Wolfenstein 3D - Part 11: Putting it all together
The previous posts illustrated different techniques that could be used in an AI to beat Wolfenstein 3D using machine vision. Actually applying the techniques together in real-time proved to be difficult, but it was necessary to start the test runs. The current bot uses a simple state machine to perform tasks such as localization, door searching, and attacking enemies. The code is very rough at the moment. There is still along way to go before the bot can beat the first level of the game, but it’s definitely possible.
Demo 1 - Wall measurements, door and enemy detection
Demo 2 - Wall measurements and door detection
State 1: Localize
The localize state is where the bot measures the wall heights and tries to locate itself on the map using a particle filter. The particle filter is not yet implemented. Currently the bot just takes readings of the walls.
Wolf3D uses ray-casting to render the graphics and because of the lack of processing power in the early 90’s, all the walls are the same height. This means no staircases to walk up or down. No inclines or domes.
This fact allows us to accurately measure the distance to the walls by reversing the ray-casting calculations.
Before stumbling on raycasting and how it is applied in Wolf3D, extensive testing was done figure out the best way localize the character with the the wall information. At the moment it’s still not clear if the wall measurements will work. A rough particle filter implementation may be needed first.
Maps in Wolf3D are 2d arrays of size 64x64. There are actually two arrays. One contains walls and paths, and the other contains items, enemies, decorations, etc.
To calculate the distance to a wall based on the height of the wall, we can reverse the following equation: (Real height of wall) / (Distance from wall) = (Rendered height of wall)
To get distance, we can calculate: (Real height of wall) / (Rendered height of wall) = (Distance from wall)

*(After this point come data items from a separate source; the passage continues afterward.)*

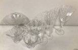 Group of Rose Point Glasses, sugar, creamer, compote, vases, and wine glasses, tallest is 8"h. Group of Rose Point Glasses, sugar, creamer, compote, vases, and wine glasses, tallest is 8"h.
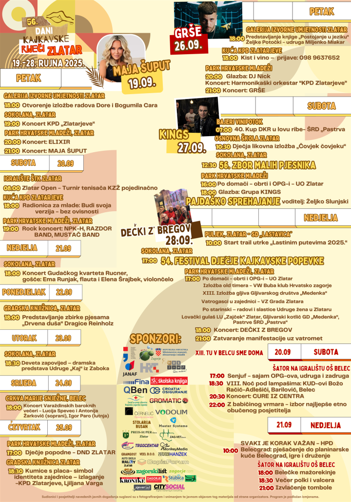 Kulturni program manifestacije koordinira Pučko otvoreno učilište dr. Jurja Žerjavića Zlatar. Gordana Valjak, ravnateljica Pučkog učilišta ističe tradicionalne dječje kajkavske priredbe koje su prepoznatljiv dio manifestacije i njen zaštitni znak, a ove će godine u Zlataru okupiti stotinjak osnovnih škola na tri priredbe koje objedinjavaju likovno, literarno i glazbeno stvaralaštvo učenika osnovnih škola kajkavske Hrvatske.
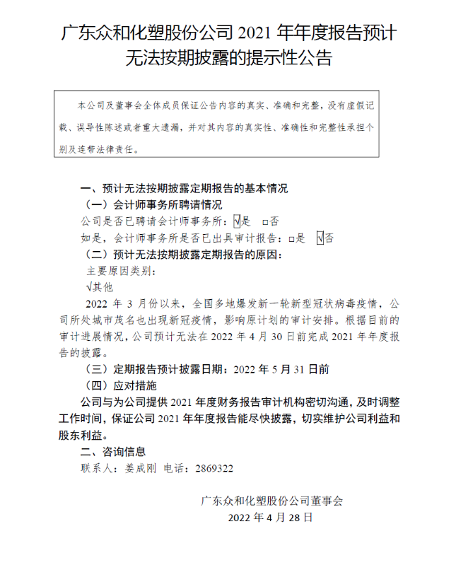 bevictor伟德官网2021年年度报告预计无法按期披露的提示性公告
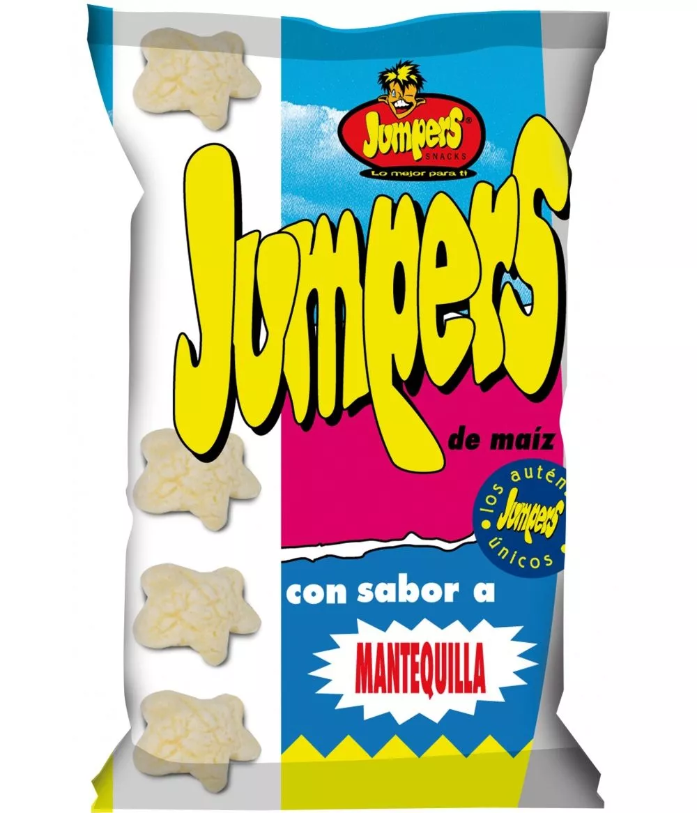 Los Jumpers Mantequilla Familiar 100 g son la versión grande del clásico snack de maíz con sabor a mantequilla. Su textura crujiente y ligera y su característico aroma mantequilloso hacen de este aperitivo uno de los más populares y adictivos.
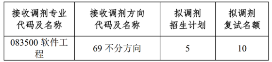 一、接收调剂基本信息 我院接受调剂专业信息如下:接收调剂专业代码及名称接收调剂方向代码及名称拟调剂招生计划拟调剂复试名额083001环境科学69 不分方向48083002环境工程69 不分方向24 注:具体调剂复试人数以实际接收调剂复试人数为准,具体调剂招生计划以实际录取人数为准。二、调剂要求 (一)符合教育部和学校的调剂政策要求。 (二)接受考生调剂的第一志愿专业范围:优先接收一志愿报考我校计算机科学与技术(代码:081200)、计算机技术(代码:085404)和环境工程(代码:085701)等相同或相近专业的优秀生源。 (三)

One of the current issues with measuring walls is the lack of a compass. Currently it’s not too clear how to handle this. Again, a particle filter implementation could solve this problem.
State 2: Find Door
The find door state works by having the character spin in a circle until a door is detected. The bot then transitions to a state where it will run toward the door, open it, and run through.After that there will be a four second pause for the door to close. This is done to make sure the measurements are accurate.
This strategy works well, but the problem is that the bot will end up choosing the first door it sees. During trial runs, the bot tends to keep going back and forth between rooms. Currently there is no way of knowing that a room has been visited.
Additionally the bot has trouble with rooms that contain multiple corridors and turns. Without other doors to follow, it will go out the same door.
State 3: Attack Enemy
Currently the bot will search for an enemy if under attack. The bot knows it’s under attack if the health bar changes.
Basically the health bar section is background subtracted on every frame. If there is even one change, it means an enemy is attacking.
This forces the bot to change into the attack state. The bot will then spin in a circle looking for the enemy. The problem here is that the spin is very slow. This is due to the amount of computation for the enemy detector.
The other issue, which was detailed in an earlier post, is that a red overlay covers the screen when the bot is attacked. Since enemy detection is based on color, the enemy is not detected.